そうなると、専用機持ちは何をするのやら。やはり、訓練の補助だろうか。
「では山田先生、ホームルームを」
「は、はいっ!」
織斑先生の言葉に、山田先生が応えた。まあ大体の事は織斑先生が話しただろうと考えた、その時。
「ええとですね、今日は何と転校生を紹介します!しかも二名です!」
その言葉に驚く。クラスメイト皆もだろう、大層驚いた様子で声を上げた。
この時期に、転校生が二人。……何かきな臭いものを感じる。
そんな事を考えていると、教室のドアが開く。
「失礼します」
「…………」
そうして二人の転校生が入って来た時、先程より大きな衝撃を受ける。
何故なら、片方の転校生が身に着けていたのは男子用の制服だったのだ。
「シャルル・デュノアです。フランスから来ました。この国では不慣れな事も多いかと思いますが、皆さんよろしくお願いします」
転校生の一人、デュノアがにこやかな顔で一礼する。
私も思わず、あっけにとられていた。
「お、男……?」
クラスメイトの誰かがそう言うと、デュノアが話す。
「はい。此方に僕と同じ境遇の方いると聞いて本国より転入を……」
デュノアは人懐っこそうな顔で言う。体の線は細く、顔も中性的な人相だ。濃くて長い金髪を後ろで丁寧に束ねている。
あまり体格がいいとは言わないが所々で気品の良さがにじみ出ている。結構な上流階級の出自なのだろうか。しかし、それはどこかでとってつけたように見える。
私が考えていると、クラス中から声が上がる。
「きゃああああー!!」
悲鳴に近いような喜び声が教室に響く。事態はそれだけでは収まらなかった。
「三人目の男子が!うちのクラスに!」
「しかも美形!守ってあげたくなる系の!」
クラスメイト達が騒ぎ立てる。この後起こることは想像に難くない。
「あー、静かにしろ。騒ぐな」
「み、皆さんお静かに。
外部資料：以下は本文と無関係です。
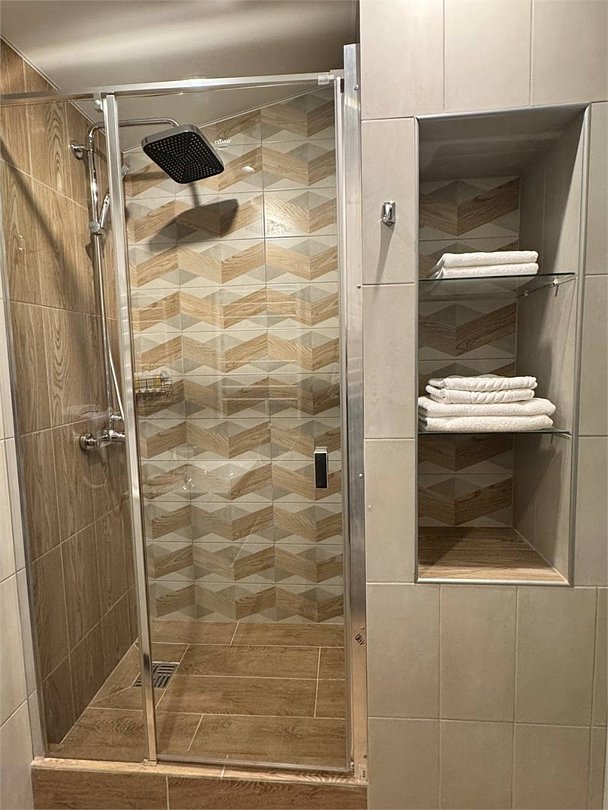 В номере — большая кровать, мягкий уголок, телевизор, мини-холодильник, столик с двумя стульями, чайник и чайный набор. В прихожей — большой платяной шкаф. Санузел с душевой кабиной.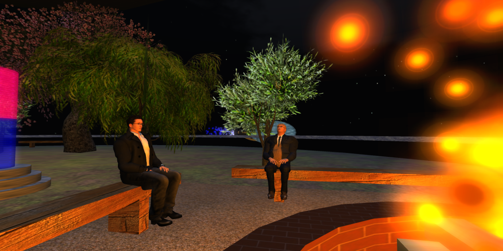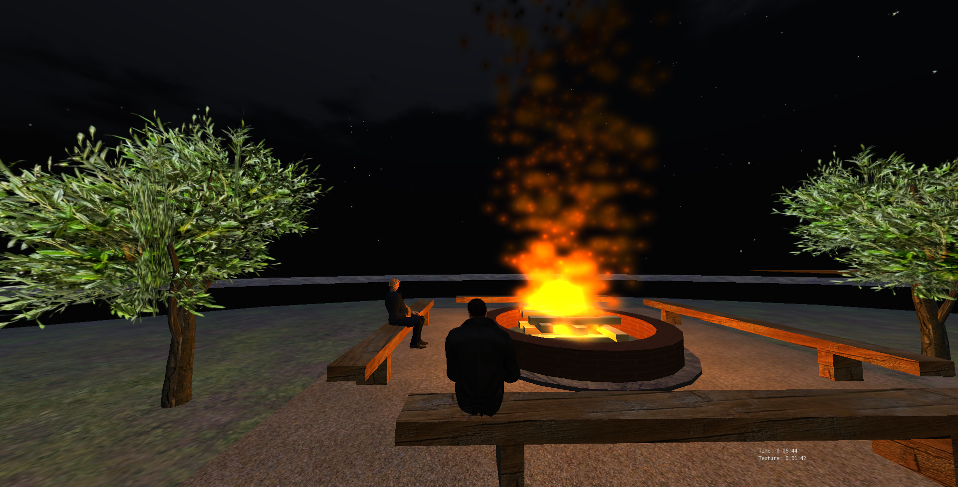 Aber jetzt keinen Druck aufbauen, hier das Interview mit Bernhard. Die Entscheidung seines Avatars Eszettcisle fürs Lagerfeuer bedurfte nicht mal einer Frage – schließlich hatte ich ihn damit hergelockt und wir haben noch etwas seine Settings gepimpt, damit das Feuer dann auch zu sehen war.
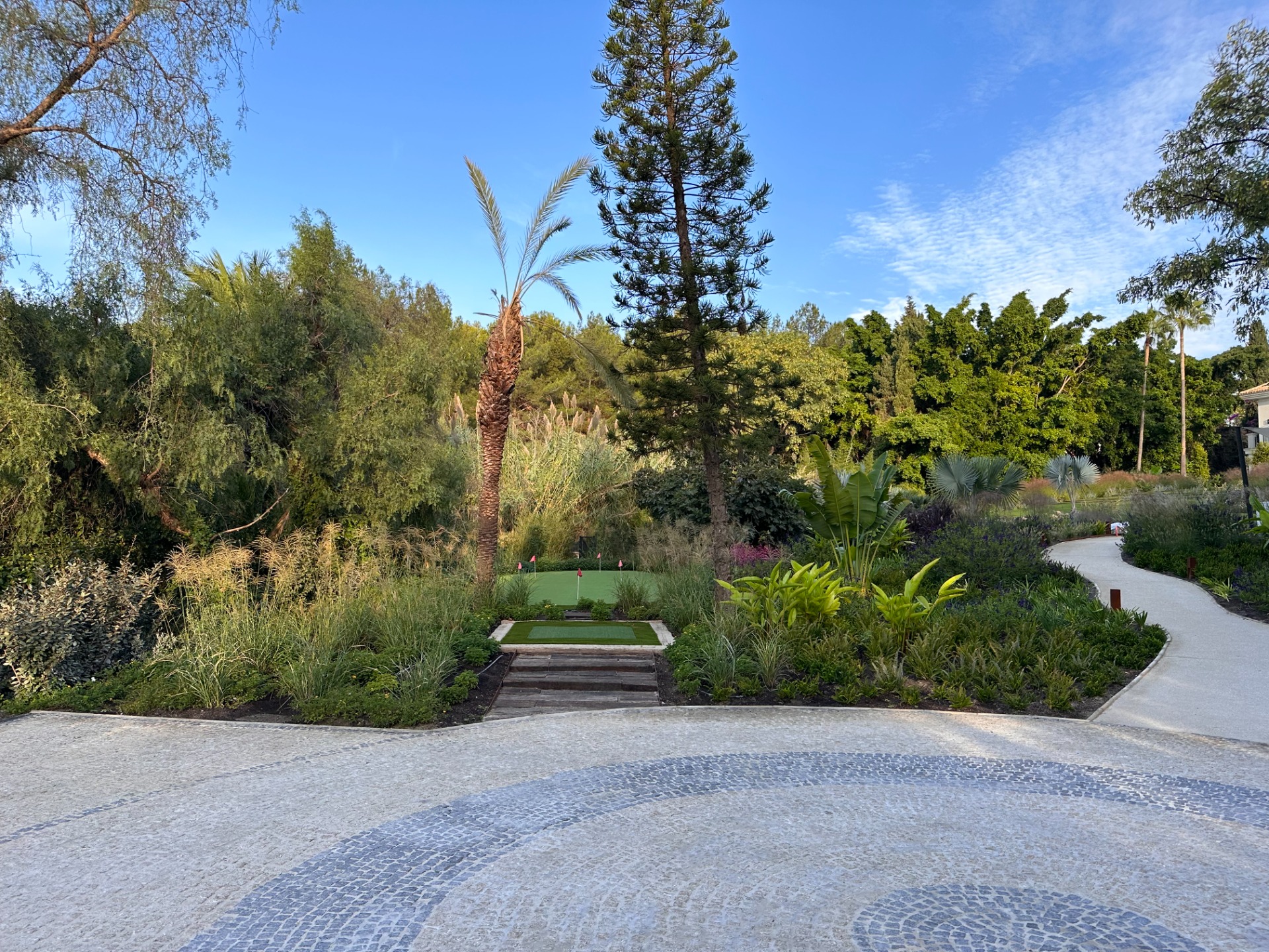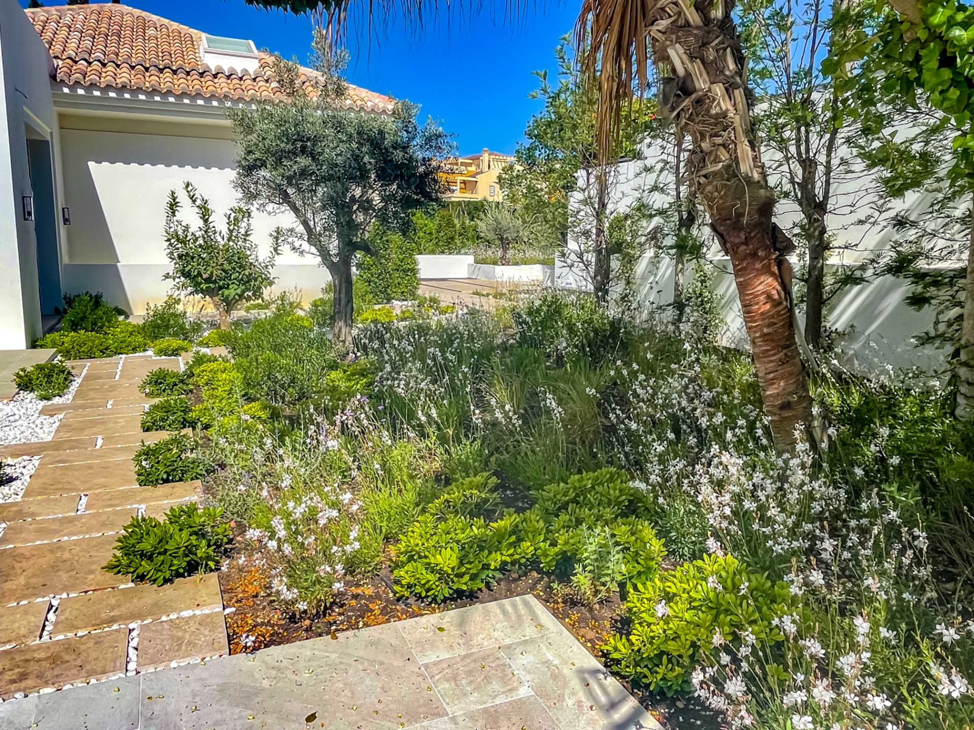 El diseño genera distintos ambientes, zonas de sombra y amplios espacios abiertos, pensados para el disfrute y la privacidad. El proyecto se ejecutó con un presupuesto entre 400.000 y 440.000 euros, dando como resultado un jardín maduro, elegante y plenamente integrado en el estilo de vida marbellí.

まだ自己紹介が終わってませんから……」
今回は出席簿の音はしなかった。面倒だったからか、はたまた女の園に美形が入ってきたことに少し思う事があるのだろうか。
それとも、別の思惑が……まあいい、今はそんな事を考えても仕方が無い。もう片方の転校生に目をやるとしよう。
もう一人の転校生はやや白に近い銀の髪を腰まで下ろしている。そして目に付くのは、眼帯だ。
医療用のものでないそれを、自然体につけているのは、それと長い付き合いがあるという事だろう。
身体はデュノアよりよほど小さい。が、身にまとうそれが軍人だという事は、私には誰よりも深く認知できる。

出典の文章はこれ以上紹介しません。